━━━ Extracted material

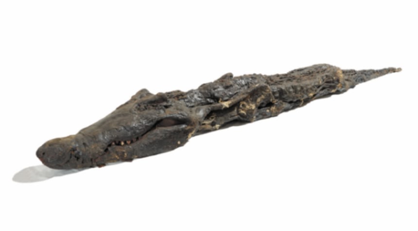 この画像を大きなサイズで見る大英博物館には、コム・オンボ神殿で発見されたナイルワニのミイラが保管されている。この神殿では、ソベック神の生きた化身としてワニが大切に飼育されていた。
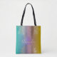 Irradia positividad dondequiera que vayas con este impresionante diseño espiritual. La obra de arte presenta un intrincado patrón de mandala de filigrana dorada, que recuerda a un loto floreciendo, dividido elegantemente en la parte superior e inferior. Este arte lineal de estilo metálico se asienta sobre un soñador fondo degradado de arcoíris pastel que se desvanece sin problemas desde el turquesa y el teal, pasando por el lila suave, hasta un dorado mostaza cálido. El efecto ombre de estilo acuarela le da a la bolsa una profundidad moderna y artística.
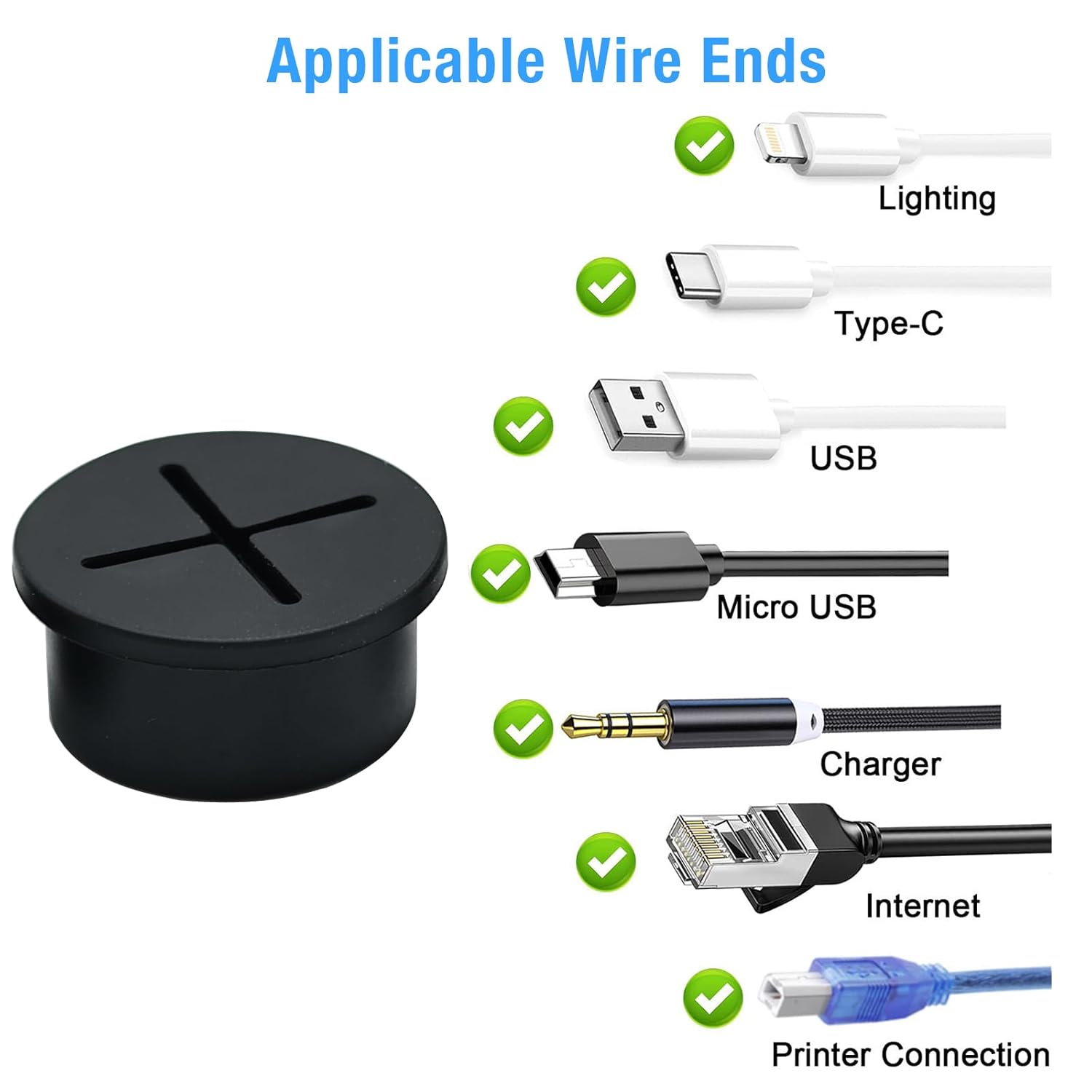 - Maintain Safety: The desk wire hole insert helps to organize cables on your desktop, keeping it tidy and improving productivity; Cable grommet smooth surface protects cables from sharp edges, reduces bending and pulling of cables, extends cable life and ensures a safe work area
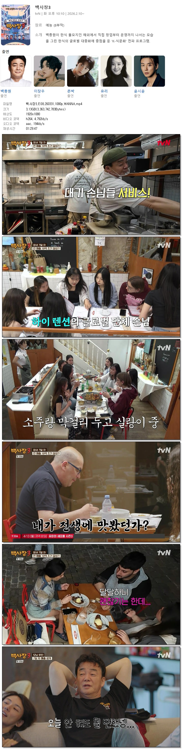 [TVN] 백사장3.E08.260331.1080p.WANNA[백종원, 이장우]
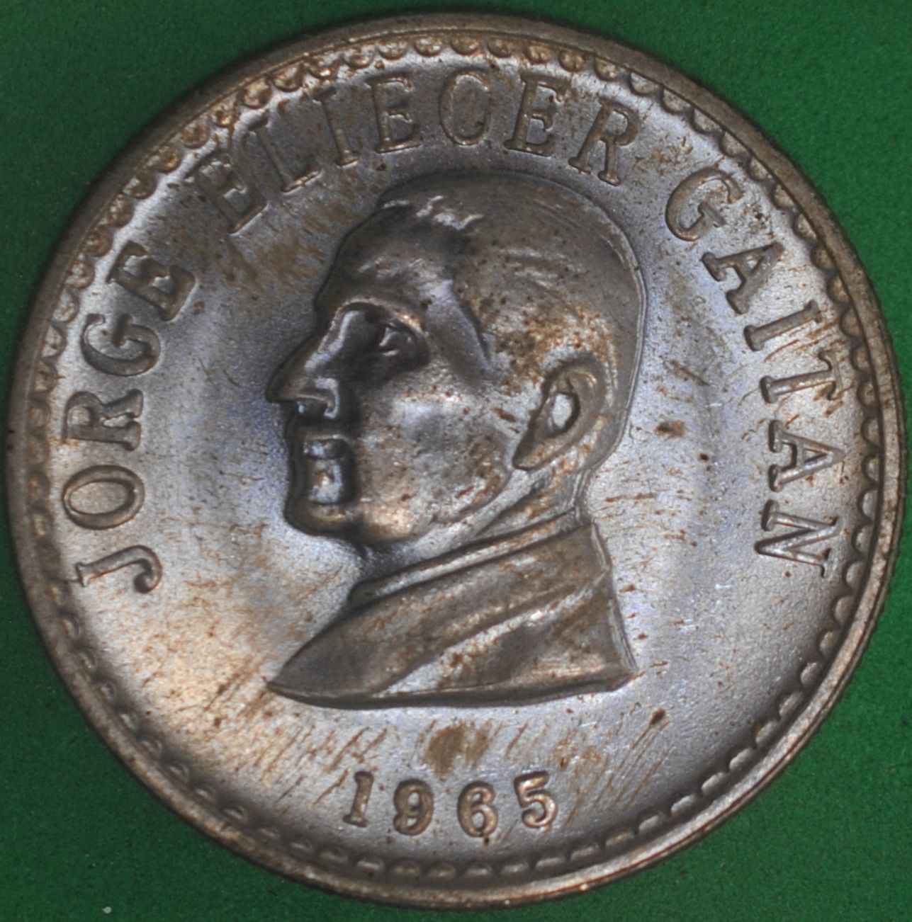 1965 Colombia 50 Centavos UNC. Streaks of envelope patina.

━━━━━━

What the task requires
The response should repeat every entry above exactly and include none of the pictures.

Your response
 この画像を大きなサイズで見る大英博物館には、コム・オンボ神殿で発見されたナイルワニのミイラが保管されている。この神殿では、ソベック神の生きた化身としてワニが大切に飼育されていた。
 Irradia positividad dondequiera que vayas con este impresionante diseño espiritual. La obra de arte presenta un intrincado patrón de mandala de filigrana dorada, que recuerda a un loto floreciendo, dividido elegantemente en la parte superior e inferior. Este arte lineal de estilo metálico se asienta sobre un soñador fondo degradado de arcoíris pastel que se desvanece sin problemas desde el turquesa y el teal, pasando por el lila suave, hasta un dorado mostaza cálido. El efecto ombre de estilo acuarela le da a la bolsa una profundidad moderna y artística.
 - Maintain Safety: The desk wire hole insert helps to organize cables on your desktop, keeping it tidy and improving productivity; Cable grommet smooth surface protects cables from sharp edges, reduces bending and pulling of cables, extends cable life and ensures a safe work area
 [TVN] 백사장3.E08.260331.1080p.WANNA[백종원, 이장우]
 1965 Colombia 50 Centavos UNC. Streaks of envelope patina.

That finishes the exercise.